It is easy to see that this idea of logical counterfactuals is unsatisfactory. For one, no good account of them has yet been given. For two, there is a sense in which no account could be given; reasoning about logically incoherent worlds can only be so extensive before running into logical contradiction.
I’ve been doing some work on this topic, and I am seeing two schools of thought on how to deal with the problem of logical contradictions you mention. To explain these, I’ll use an example counterfactual not involving agents and free will. Consider the counterfactual sentence: `if the vase had not been broken, the floor would not have been wet’. Now, how can we compute a truth value for this sentence?
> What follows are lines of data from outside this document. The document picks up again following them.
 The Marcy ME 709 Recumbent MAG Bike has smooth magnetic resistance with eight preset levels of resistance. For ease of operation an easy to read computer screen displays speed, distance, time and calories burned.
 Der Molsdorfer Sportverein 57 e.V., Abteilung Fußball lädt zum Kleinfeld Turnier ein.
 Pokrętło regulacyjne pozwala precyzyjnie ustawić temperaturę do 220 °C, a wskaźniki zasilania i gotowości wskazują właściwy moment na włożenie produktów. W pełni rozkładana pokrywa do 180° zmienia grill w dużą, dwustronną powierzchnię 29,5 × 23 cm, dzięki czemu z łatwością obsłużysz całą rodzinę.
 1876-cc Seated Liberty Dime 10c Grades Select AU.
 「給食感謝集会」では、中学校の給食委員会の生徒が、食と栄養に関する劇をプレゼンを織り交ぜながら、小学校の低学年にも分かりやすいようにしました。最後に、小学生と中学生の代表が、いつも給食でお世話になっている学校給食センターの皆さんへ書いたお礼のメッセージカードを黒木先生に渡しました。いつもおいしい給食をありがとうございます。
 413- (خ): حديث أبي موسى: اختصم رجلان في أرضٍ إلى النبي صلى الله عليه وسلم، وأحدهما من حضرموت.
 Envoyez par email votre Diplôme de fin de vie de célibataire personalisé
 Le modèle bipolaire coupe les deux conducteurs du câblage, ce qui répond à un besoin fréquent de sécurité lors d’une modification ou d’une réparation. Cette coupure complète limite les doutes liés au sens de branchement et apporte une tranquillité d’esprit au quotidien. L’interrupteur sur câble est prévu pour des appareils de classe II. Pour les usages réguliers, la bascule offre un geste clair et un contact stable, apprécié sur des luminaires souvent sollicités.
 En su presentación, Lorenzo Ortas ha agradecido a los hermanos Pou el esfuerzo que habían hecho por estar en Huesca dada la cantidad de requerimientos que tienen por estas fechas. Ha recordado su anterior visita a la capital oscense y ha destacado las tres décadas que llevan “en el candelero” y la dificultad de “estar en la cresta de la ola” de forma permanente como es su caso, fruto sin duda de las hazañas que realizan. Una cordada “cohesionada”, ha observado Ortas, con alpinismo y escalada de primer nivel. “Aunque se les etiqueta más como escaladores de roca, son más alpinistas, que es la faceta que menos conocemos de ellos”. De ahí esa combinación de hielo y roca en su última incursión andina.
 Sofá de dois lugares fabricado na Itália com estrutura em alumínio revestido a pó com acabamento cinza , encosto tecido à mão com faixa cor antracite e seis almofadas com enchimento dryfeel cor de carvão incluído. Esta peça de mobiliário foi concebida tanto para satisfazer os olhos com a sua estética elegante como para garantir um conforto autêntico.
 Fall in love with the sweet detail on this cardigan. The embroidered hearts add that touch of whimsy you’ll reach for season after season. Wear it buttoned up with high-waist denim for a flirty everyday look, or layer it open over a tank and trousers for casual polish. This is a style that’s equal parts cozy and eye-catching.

School of thought 1 proceeds as follows: we know various facts about the world, like that the vase is broken and that the floor is wet. We also know general facts about vases, breaking, water, and floors. Now we add the extra fact that the vase is not broken to our knowledge base. Based on this extended body of knowledge, we compute the truth value of the claim ‘the floor is not wet’. Clearly, we are dealing with a knowledge base that contains mutually contradictory facts: the vase is both broken and it is not broken. Under normal mathematical systems of reasoning, this will allow us to prove any claim we like: the truth value of any sentence becomes 1, which is not what we want. Now, school 1 tries to solve this by coming up with new systems of reasoning that are tolerant of such internal contradictions, systems that will make computations that will produce the ‘obviously true’ conclusions only, of that will derive the `obviously true’ conclusions before deriving the `obviously false’ ones, or that compute probabilistic truth values such a way that those of the `obviously true’ conclusions are higher. In MIRI terminology, I believe this approach goes under the heading ‘decision theory’. I also interpret the two alternative solutions you mention above as following this school of thought. Personally, I find this solution approach not very promising or compelling.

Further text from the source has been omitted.